Task instructions: Return the lines beginning at the one that contains "Imagine having all" and running to the end of the records, exactly and with nothing else. Omit pictures.

▼

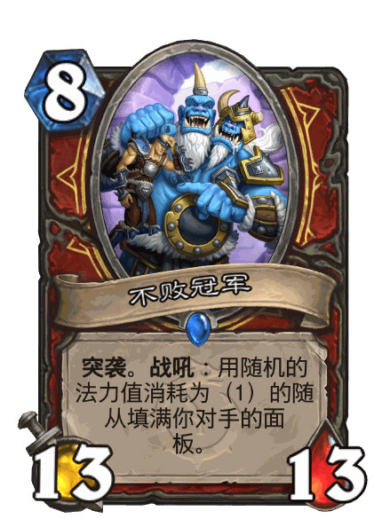 突袭。战吼:用随机的法力值消耗为(1)的随从填满你对手的面板。
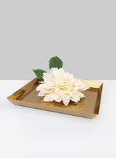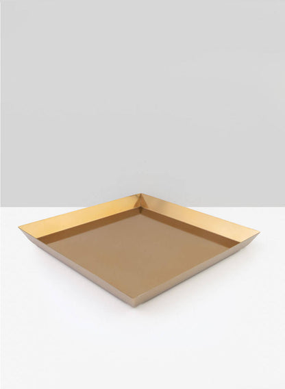 Trays are versatile, perfect for everything from serving to display. This metal tray has a rich, shiny gold finish. Fill it with pillar candles for a table centerpiece, use it to hold glass bottle testers for a perfume counter when doing retail displays, or let it hold a mix of faux potted succulents and plants for a table at home or for a store window display.
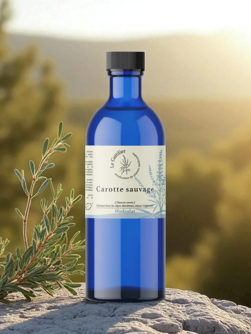 France. Distillé artisanalement par Le Gattilier à partir de plantes entières, selon un procédé doux préservant les actifs subtils et vibratoires.Conditionnement : Hydrolat Carotte sauvage Bio France – Digestif, circulatoire et revitalisant 200 ml
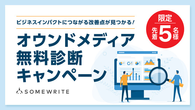 コンテンツマーケティングの運用改善にご評価をいただいていることを受け、この度、オウンドメディアの分析と、運用に並走するコンサルティングに特化したサービスの提供を開始しました。新サービスの提供開始にあわせ、5社限定で、オウンドメディアの無料診断キャンペーンを開催いたします。オウンドメディアの運用をご担当されている方はぜひこの機会にご検討くださいませ。
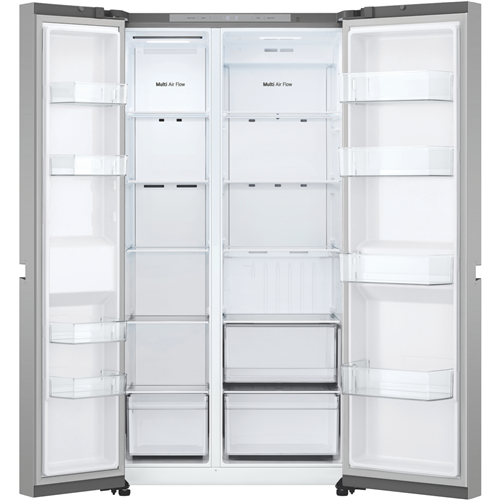 Imagine having all the space you need in one sleek and stylish package. The LG 664L Side By Side Refrigerator (GS-B599PL) offers a generous 664L total capacity with 423L dedicated to fresh food and 241L for frozen goods. You'll love the convenience of the dual door hinge design and the energy efficiency of the 5-star rating. Plus with smart features like the inverter compressor Multi Air Flow and Express Freeze your food will stay fresher for longer. The flat door design in stunning stainless steel will be the star of your kitchen. Model GS-B599PL comes with a 2-year manufacturer's warranty for added peace of mind
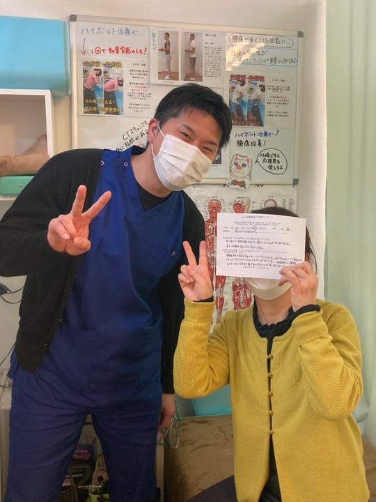 ハイボルトで痛みがなくなり、予防のため楽トレをすすめられました。今は朝起きた時の腰の痛みがすっかりなくなり、体調がよくなりました。
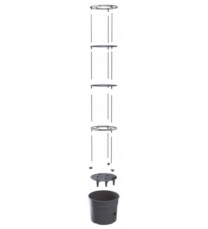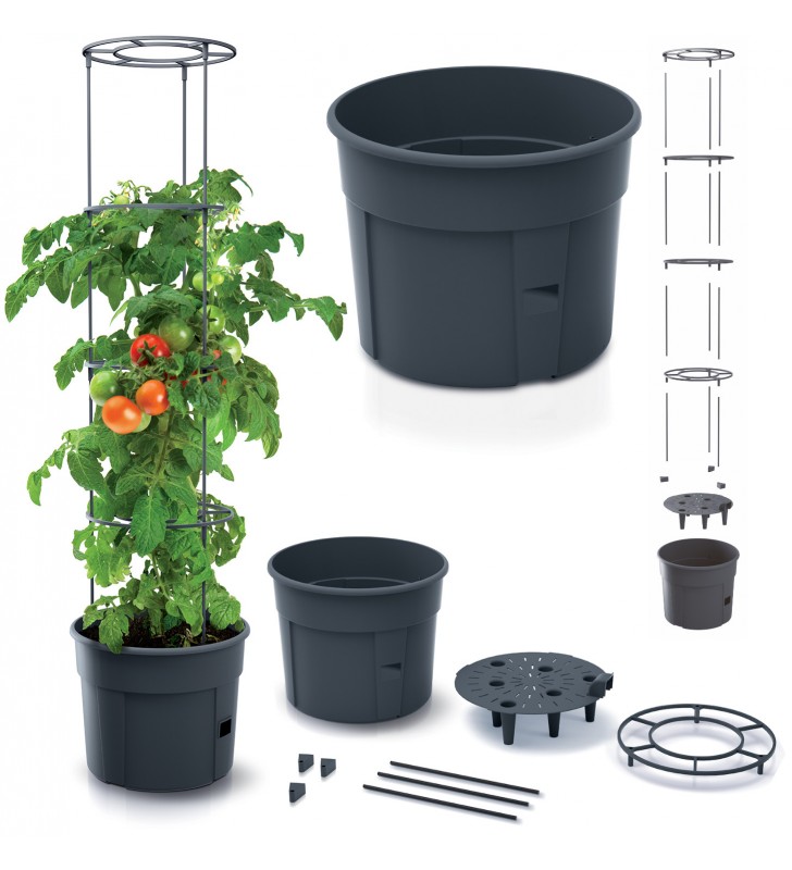Doniczka, która zapewnia optymalne warunki wzrostu pomidorowych krzewów. Zestaw wyposażony został w pierścienie, które otaczając roślinę, stabilizują plon.

▲

The completed task:
 Imagine having all the space you need in one sleek and stylish package. The LG 664L Side By Side Refrigerator (GS-B599PL) offers a generous 664L total capacity with 423L dedicated to fresh food and 241L for frozen goods. You'll love the convenience of the dual door hinge design and the energy efficiency of the 5-star rating. Plus with smart features like the inverter compressor Multi Air Flow and Express Freeze your food will stay fresher for longer. The flat door design in stunning stainless steel will be the star of your kitchen. Model GS-B599PL comes with a 2-year manufacturer's warranty for added peace of mind
 ハイボルトで痛みがなくなり、予防のため楽トレをすすめられました。今は朝起きた時の腰の痛みがすっかりなくなり、体調がよくなりました。
Doniczka, która zapewnia optymalne warunki wzrostu pomidorowych krzewów. Zestaw wyposażony został w pierścienie, które otaczając roślinę, stabilizują plon.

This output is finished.